Nazi Town, USA
2024

2025
Director
Hugo Macgregor
Runtime
59 minutes
Average Rating
No ratings yetSynopsis
In the most personal and unflinching film of his career, historian Simon Schama confronts the enormity of the Holocaust and the catastrophe experienced by its victims. In a journey that ends with his first visit to Auschwitz, Simon travels across the Continent to explore how the Holocaust was far more than a Nazi obsession that played out in gas chambers, but a European-wide crime of complicity. From bullets in the Lithuanian lands of his ancestors to bureaucracy in the Netherlands, he reveals how deep-rooted prejudice was weaponised to turn people against their Jewish neighbours. As a moving interview with a survivor reveals, the story of how ‘evil comes step by step’ remains powerfully relevant today.
Overall Score
Good
Category Breakdown
LGBTQ+ Representation
The film focuses on the Jewish experience and the mechanics of the Holocaust. There is no explicit mention of LGBTQ+ identities or queer narratives within the documentary.
Gender Representation
The narrative centers the lived experiences of survivors like Marian Turski rather than military leaders. However, the investigative journey is driven by a male historian, maintaining a traditional scholarly lens.
Racial & Ethnic Diversity
The documentary highlights the specificities of ethnic persecution in Lithuania and the Netherlands. It avoids a monolithic view by exploring how geography and ethnicity intersected with systemic complicity.

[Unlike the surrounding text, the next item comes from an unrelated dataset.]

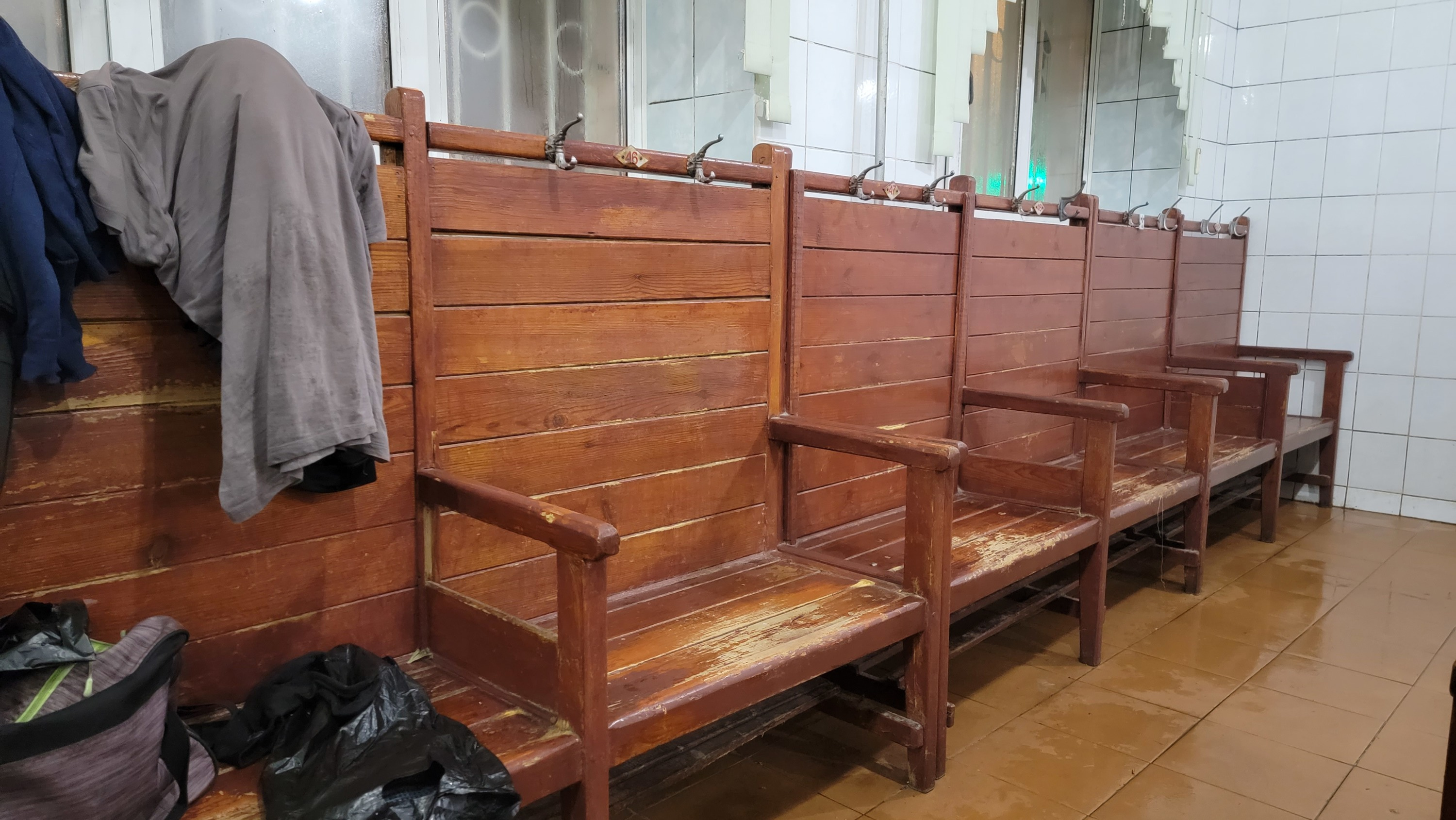 Среди парящихся и моющихся большинство иностранцы. Многие из них вместо килта или простыни носят здесь просто нижнее белье или шорты. Но это не так бросается в глаза, как гость, который в чем мать родила отважно садится то на гранитные лавочки в помывочной, то — потом в раздевалке — на лавку.

Religious & Cultural Diversity
The film critiques Western institutions and state structures as tools of oppression. It presents a morally complex view of how civilized societies can descend into systemic evil through neighborly complicity.
Disability Representation
The film deals with the profound physical and psychological trauma of survivors. It is unclear if disability is portrayed through an agency-driven lens or simply as a byproduct of tragedy.
Strengths
Areas for Improvement
AI Analysis
Simon Schama: The Road to Auschwitz succeeds in deconstructing the myth of the Holocaust as a singular, isolated event. By framing the catastrophe as a pan-European crime of complicity, the film moves beyond the mechanics of concentration camps to examine how bureaucracy and social structures were weaponized against Jewish populations. The documentary excels in its sophisticated critique of Western institutions. It avoids patriotic simplifications, instead offering a deep dive into the specificities of ethnic persecution across different geographies, from Lithuania to the Netherlands. While the film provides a powerful exploration of systemic prejudice, it remains anchored in a traditional scholarly perspective. The focus on the Jewish diaspora is profound, yet the narrative lacks explicit engagement with LGBTQ+ identities or clear agency-driven disability representation.